Yesterday Apple announced the release of the Safari 3 beta for both Mac and PC. Rumoured to be faster than Linford Christie after a nandrolone binge, how does it fare?
As with the PC iTunes installation, Apple forces you to install Quicktime as part of the installation process which is a mild irritation – having disabled Quicktime’s tasktray process from a previous installation, I now have it running again. I suppose you have to chuckle at Apple’s little jokes.
Once installed it looks… a little out of place. With OSX scrollbars and form elements, it feels a little like a deviant, cross-dressing browser; a PC application in Mac getup. Like its Mac counterpart, it lacks a homepage button which is alarming, irritating and surprising in equal measure. I’m struggling to think of a single reason for its omission.

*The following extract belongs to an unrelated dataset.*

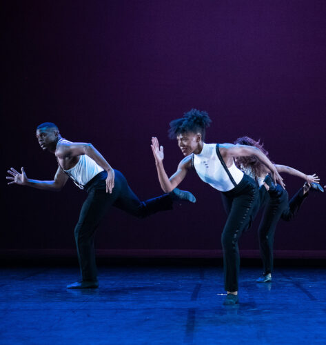 Solomon Dumas, Samantha Figgins y Belen Indhira Pereyra en “For Four” de Robert Battle. Fotografía: Christopher Duggan (cortesía: Alvin Ailey American Dance Theater / Arsht Center)

My PC browser of choice is, like many people, Firefox. It’s not perfect, but its many little add-ons and shortcuts make it a cut above the rest. In highly unscientific tests of uncached page loading speeds however, Safari 3 doesn’t seem to be the speed demon it claims to be. It actually seems slower than Firefox, a fact that is emphasised by Safari’s preference for loading the entire page before displaying anything at all. I’ll be trying out the Mac implementation soon to see whether its blistering pace is evident on OSX.

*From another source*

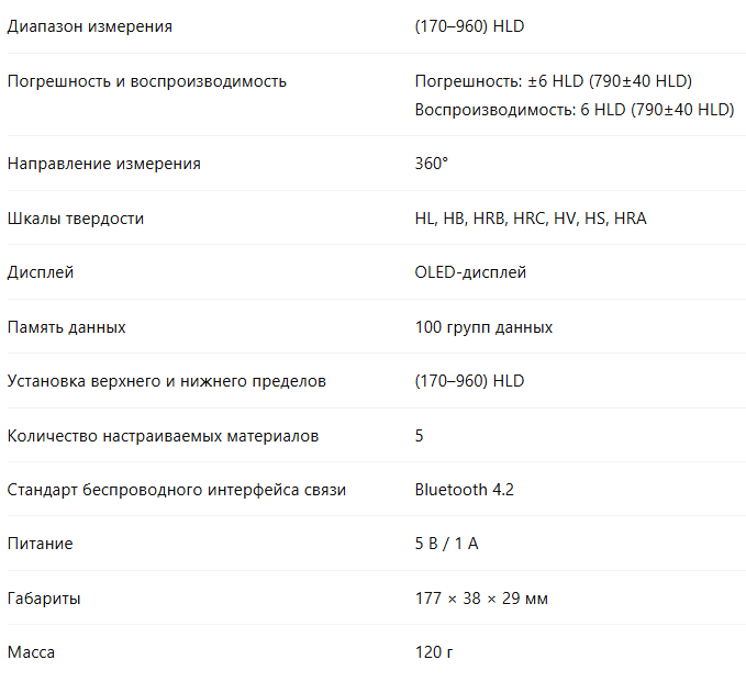 ● Калибровка: может быть выполнена калибровка значения твердости выбранных материалов;

One very welcome feature of the new Safari browser, however, is the beautifully anti-aliased HTML text. Why PC users have been made to suffer without this feature for so long (save for IE7’s poor ClearType implementation) is a question even the wisest of wise men would struggle to answer.
So overall, it’s nothing to write home about. A browser like any other (minus the home button), with nice looking text but out of place looking form elements. I’ll stick with Firefox I think.